In the midst of all that? I managed to go to a job interview. I somehow landed the job (which still baffles me to this day).

The most important lesson that I have learned from this (aside from not giving your heart away to someone so easily – but that’s a lesson for another day), is that I am capable of feeling the most intense, life-debilitating emotions and still make it out the other side of hell. Frankly, I could be dead right now. I could’ve been dead for a long time but here I am, writing this.

With the knowledge that I am capable of surviving what I consider was the worst time of my life, I am assured that I am capable of creating the life that I truly deserve. That’s not to say that the road there is an easy (nor a happy) one. It’s to say that I am determined to become the best version of me that I can possibly be.

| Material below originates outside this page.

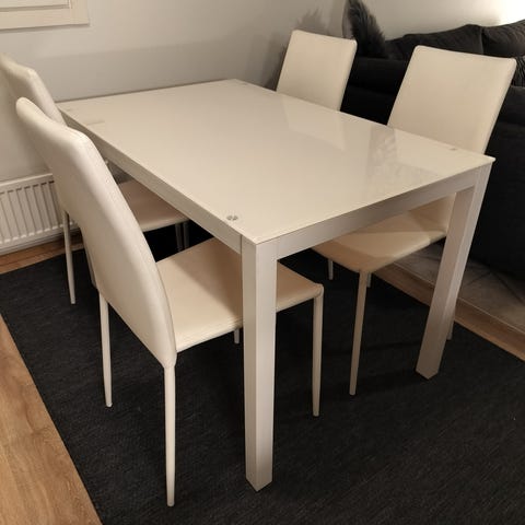 Myynnissä siistikuntoinen ja moderni musta ruokailuryhmä, johon kuuluu lasikantinen pöytä sekä neljä keinonahkaista tuolia.

I’ll probably stumble a few times and get a few more scars along the way… but every scar that I wear – both on my arms and in my heart, are just proof that I am capable.

 

And so it is time to turn the page and write this new chapter.

Leonie xo.

  • Mounts

    Hey Leonie. I’ve been following your life adventures for the past two months (ironically enough, I stumbled upon your channel the day you posted the break up video) and appreciate witnessing your discoveries and experiences.

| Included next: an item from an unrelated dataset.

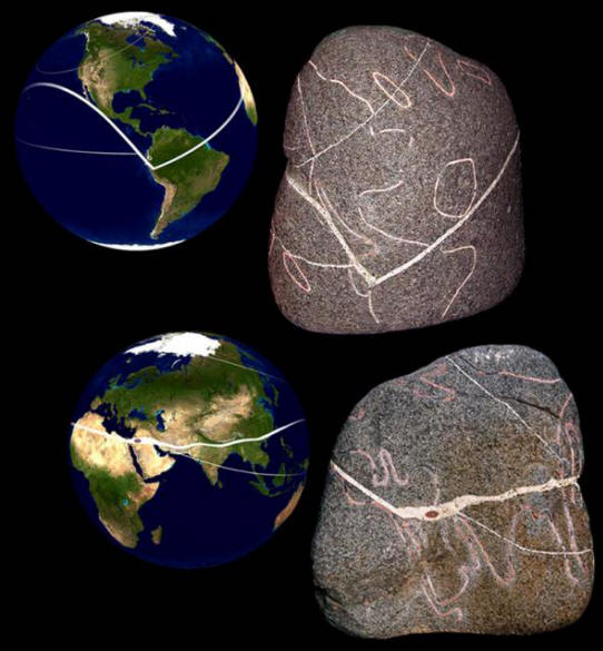 Morda bo tretji izjemen izvid lahko spodbudil odgovor Sotomayora. V predoru La Mana, enem najstarejših Zemeljski globusi, tudi kamniti. Na daleč od popolne žoge, naprej katerih izdelava je morda mojstra preprosto prizanesla, vendar zaokrožen balvan, poslikan z znanimi slikami iz šolskih časov celine.

    It’s comforting to have an open window on the life of another person through this unconventional way that is Youtube, I feel like I know you more than some of the people I see everyday. Unfortunately (or fortunately haha) we can’t really reciprocate this presence that you have in our lives.
    We can watch you reassure us for hours if we want to thanks to your videos, but we can’t really reassure you except with the comments we leave. You have to know that you’re already spreading goodness and positivity around you, but please, prior to anything, take care of yourself. Also, before I keep on writing some thoughts, excuse me if I’m being creepy making references to your videos or posts while you know nothing about me, I don’t want to be intrusive but I’d rather make relevant points using things you told about yourself through the course of time.

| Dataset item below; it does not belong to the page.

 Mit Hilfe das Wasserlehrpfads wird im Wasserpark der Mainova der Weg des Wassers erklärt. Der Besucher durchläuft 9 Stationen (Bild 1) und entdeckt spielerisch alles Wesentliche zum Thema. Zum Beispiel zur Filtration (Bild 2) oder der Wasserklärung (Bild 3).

    It’s alright to feel like utter shit for days and days, at some point you can’t keep on drowning, can you? Every day that ends with you being alive is a day where you’ve accumulated strength, maybe unbeknownst to you. You say you feel weak and invisible, but I’m pretty sure you already feel stronger now than a few months back. Week after week, you’ll feel this strength travel throughout your body, and at some point, you’ll be glad to be alive and to feel how strong you are. I’ve felt weak and invisible for a long time, and sometimes I still feel like this, but after my first breakup, I said to myself that I never wanted to feel this shitty ever again.

    I decided to do stuff I never dared to do before : show up at a concert alone (I saw on twitter that you were about to do the same thing haha), talk to people I didn’t know in public places, join a club… all of this while I continued to do what made me happy before (I’m sure there are things like these for you, you made a video about them). I’ve learnt to relish my solitude and appreciate the moments I share with others, I don’t think it’s a problem to prefer watching a movie or playing a game than hanging out or party. I learnt that it’s impossible to completely forget a person you truly loved in the past – whatever people will tell you – and that you’ll carry this memory with you for the rest of your life, but I also learnt that it’s possible to feel emotionally linked to that person while moving on. There’s no preconception of what to do, follow your own path at your own rhythm, whatever society or whoever claims.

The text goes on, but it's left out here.